* [The data]:
◆ ◆ ◆ ◆ ◆

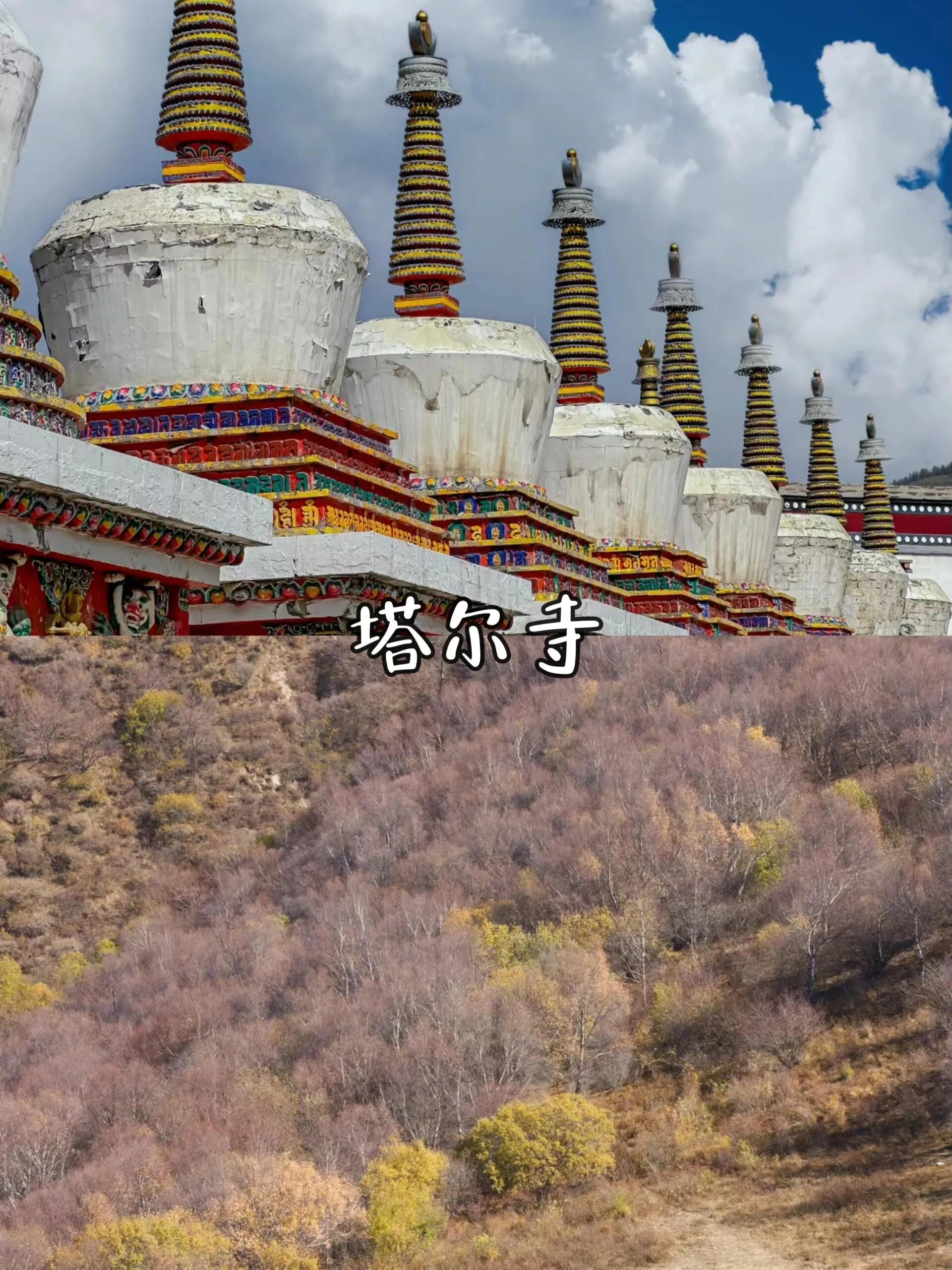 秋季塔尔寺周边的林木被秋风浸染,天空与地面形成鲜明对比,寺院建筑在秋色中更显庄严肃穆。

◆ ◆ ◆ ◆ ◆

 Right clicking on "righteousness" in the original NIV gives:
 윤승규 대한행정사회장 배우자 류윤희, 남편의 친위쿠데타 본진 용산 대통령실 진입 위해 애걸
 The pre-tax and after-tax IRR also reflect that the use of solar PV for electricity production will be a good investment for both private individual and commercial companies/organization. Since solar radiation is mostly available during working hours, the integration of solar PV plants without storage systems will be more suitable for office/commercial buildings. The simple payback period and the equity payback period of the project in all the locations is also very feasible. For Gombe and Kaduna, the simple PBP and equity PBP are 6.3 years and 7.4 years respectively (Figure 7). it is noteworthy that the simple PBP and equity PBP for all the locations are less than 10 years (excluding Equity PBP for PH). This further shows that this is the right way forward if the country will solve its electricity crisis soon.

◆ ◆ ◆ ◆ ◆

* [What to produce]: Reproduce verbatim only the segment of the listing bounded by the line containing "윤승규 대한행정사회장 배우자" and the line containing "The pre-tax and", with both boundary lines included.

* [Expected answer]:
 윤승규 대한행정사회장 배우자 류윤희, 남편의 친위쿠데타 본진 용산 대통령실 진입 위해 애걸
 The pre-tax and after-tax IRR also reflect that the use of solar PV for electricity production will be a good investment for both private individual and commercial companies/organization. Since solar radiation is mostly available during working hours, the integration of solar PV plants without storage systems will be more suitable for office/commercial buildings. The simple payback period and the equity payback period of the project in all the locations is also very feasible. For Gombe and Kaduna, the simple PBP and equity PBP are 6.3 years and 7.4 years respectively (Figure 7). it is noteworthy that the simple PBP and equity PBP for all the locations are less than 10 years (excluding Equity PBP for PH). This further shows that this is the right way forward if the country will solve its electricity crisis soon.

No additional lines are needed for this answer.